UBS shows no sign of slowing down its mainland China expansion plans despite an ongoing coronavirus outbreak, having met its target set in 2016 to double headcount to 1,200 ahead of schedule, sources told finews.asia.

UBS group chief executive Sergio Ermotti said in 2016 that the bank would double its China headcount in within five years to tap into the gargantuan domestic financial industry which is undergoing a historic transition to allow greater foreign ownership. 

Sources familiar with the matter told finews.asia that UBS had already met the target to overall double staff size from 2016’s 600 to 1,200 ahead of its 2022 plan. 

Staying Home

The bank remains committed to wealth management in China despite the ongoing outbreak, one of the sources told finews.asia, adding that business was largely unaffected with the exception of deferring non-critical travel. For staff that must enter the mainland, the bank has asked that they stay home for a 14-day period afterward before returning to office – the widely used standard to determine if one has been infected by the deadly virus.

A spokesperson for the bank confirmed the preventive measures.

More Hiring

Even with its current scale, the bank’s hiring spree in mainland China is unlikely to end soon. UBS's majority-owned investment banking joint venture is also accelerating growth with plans to double its current headcount of around 400 in three to four years, in addition to pursuing full ownership by 2020-end.

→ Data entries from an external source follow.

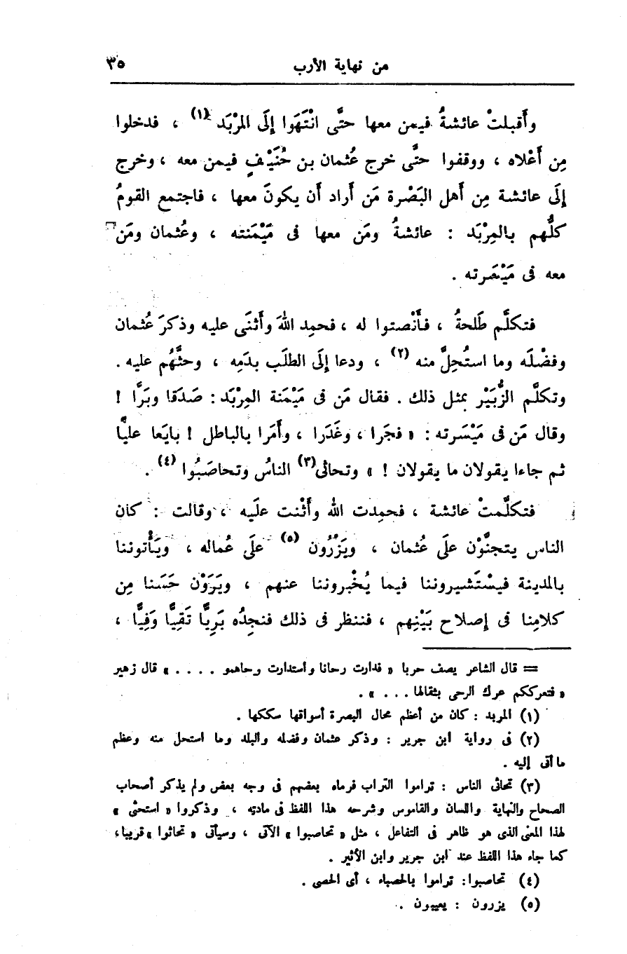 فتكلّمت عائشة، فحمدت الله وأثنت عليه، وقالت: كان الناس يتجنّون على عثمان، ويزرون [5] على عماله، ويأتوننا بالمدينة فيستشيروننا فيما يخبروننا عنهم، ويرون حسنا من كلامنا فى إصلاح بينهم، فننظر فى ذلك فنجده بريّا تقيّا وفيّا،
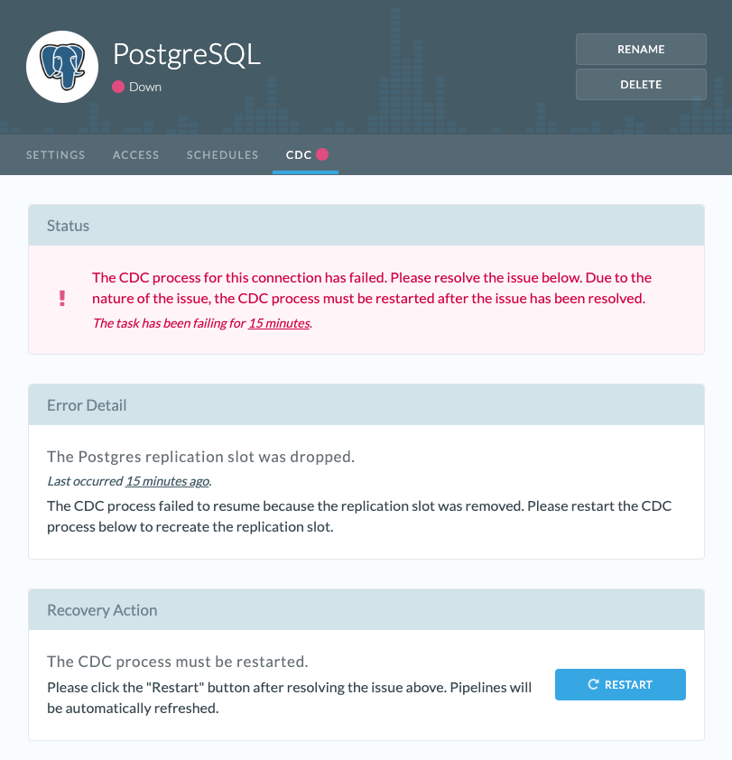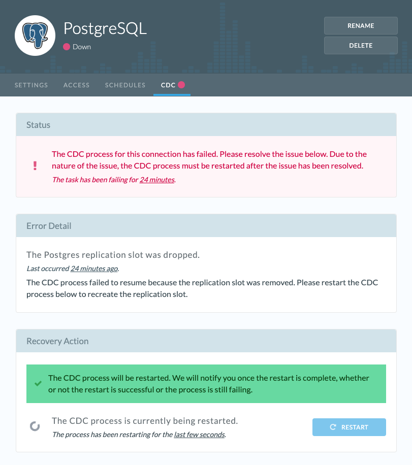 Etleap is able to parse and interpret errors that occur in AWS DMS. It then presents this information as specific instructions to return the CDC process to an operational state. This gives a less technical user the power to monitor and manage CDC replication directly without needing to involve an engineering team. If it’s an unknown error, Etleap’s team of support agents are alerted and engaged to help resolve the issue. After the issue has been resolved, Etleap restores the data integrity by automatically re-syncing the source to remove any gaps in the data.
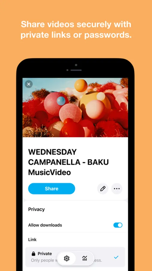 • Privately share videos with passwords and private links
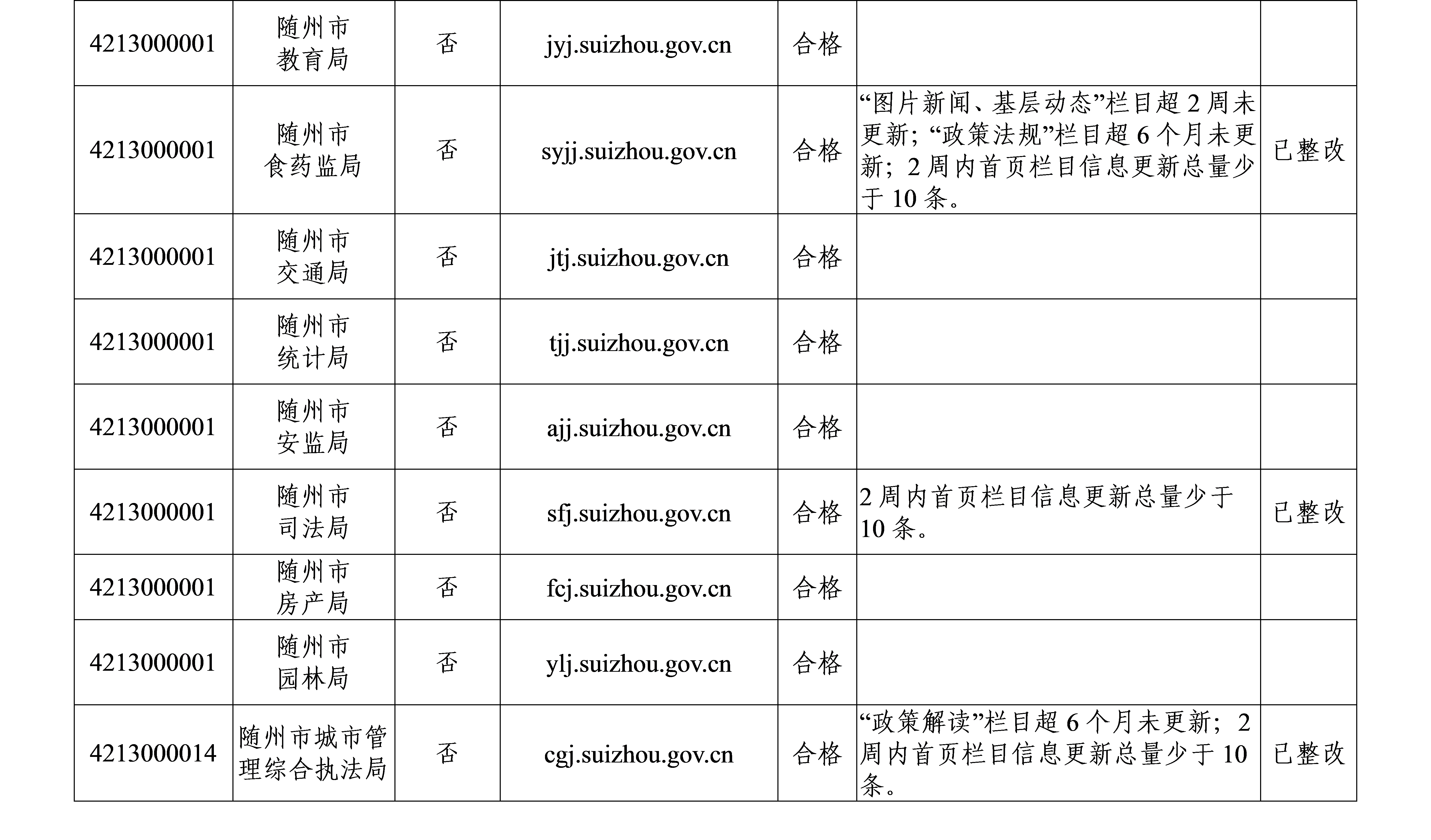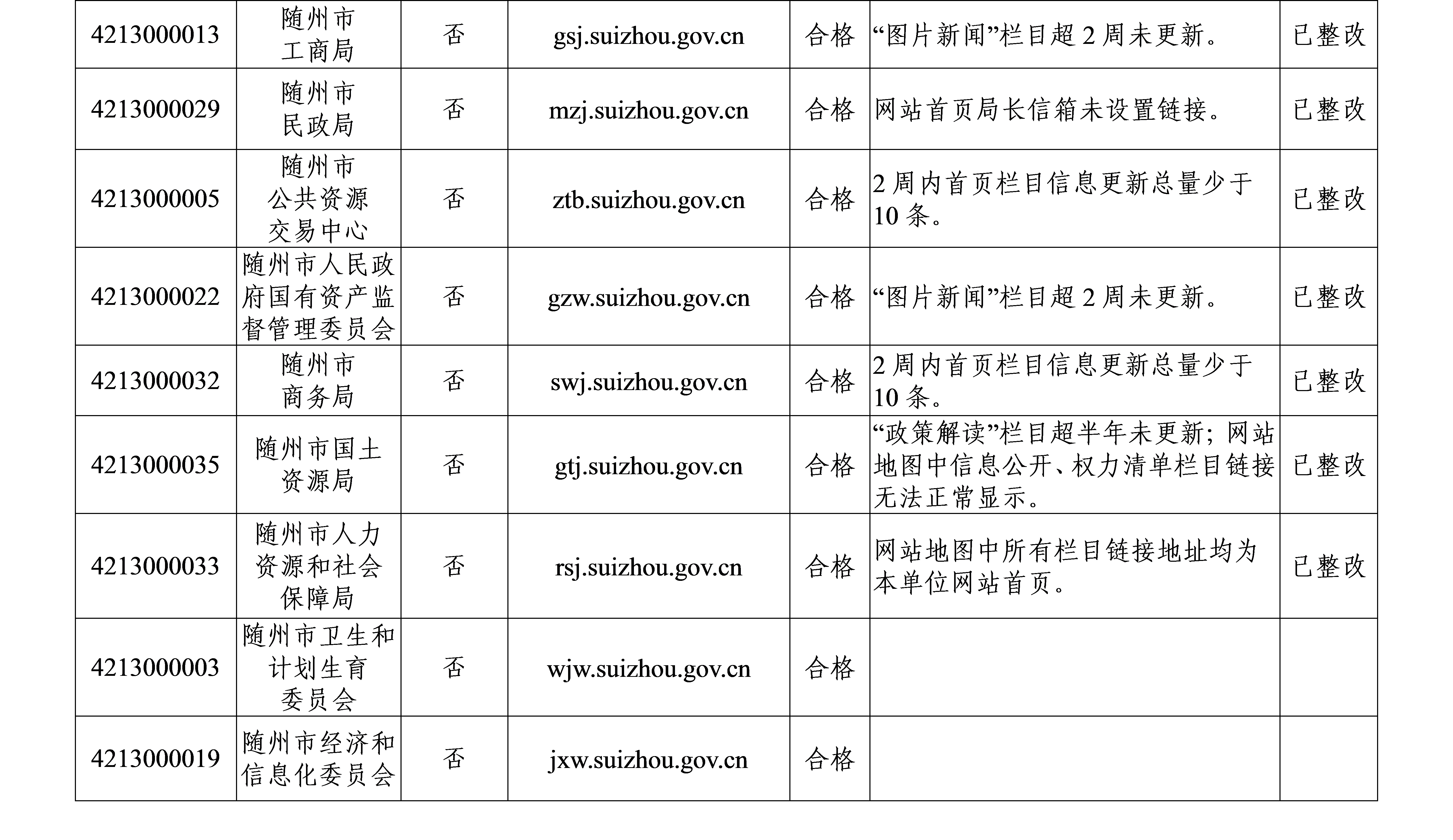 附件:隨州市2019年第一季度政府網站檢查情況表
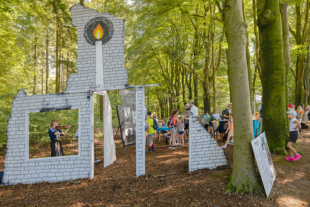 Een enorme ruïne rijst op in het bos. Achter deze entree hangen foto’s van verwoeste gebouwen uit WOII en uit de Oekraïne oorlog.
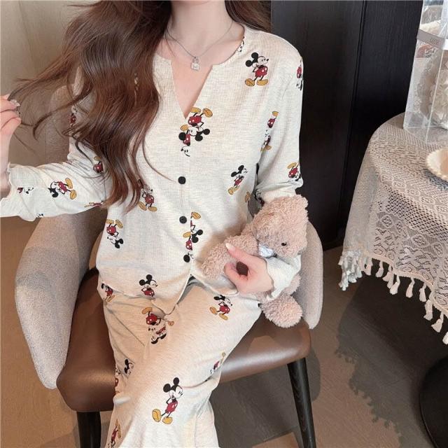 Seven七- 睡衣女春夏秋莫代爾棉老鼠性感舒適V領長袖長褲套裝加胸棉家居服

«Overall, our plan is to steadily grow China onshore headcount, but we are not just going to compete on size,» said David Chin, APAC head of investment banking and China country head at UBS, to reporters in December last year, placing emphasis on the derivatives business.

Landmark Opening

Chinese regulators announced last year that it would scrap foreign ownership limits this year in futures, securities, and mutual fund companies. Global financial institutions including J.P. Morgan, Goldman Sachs and BlackRock are vying for a piece of mainland China’s financial industry as the country undergoes a landmark opening of its $45 trillion market.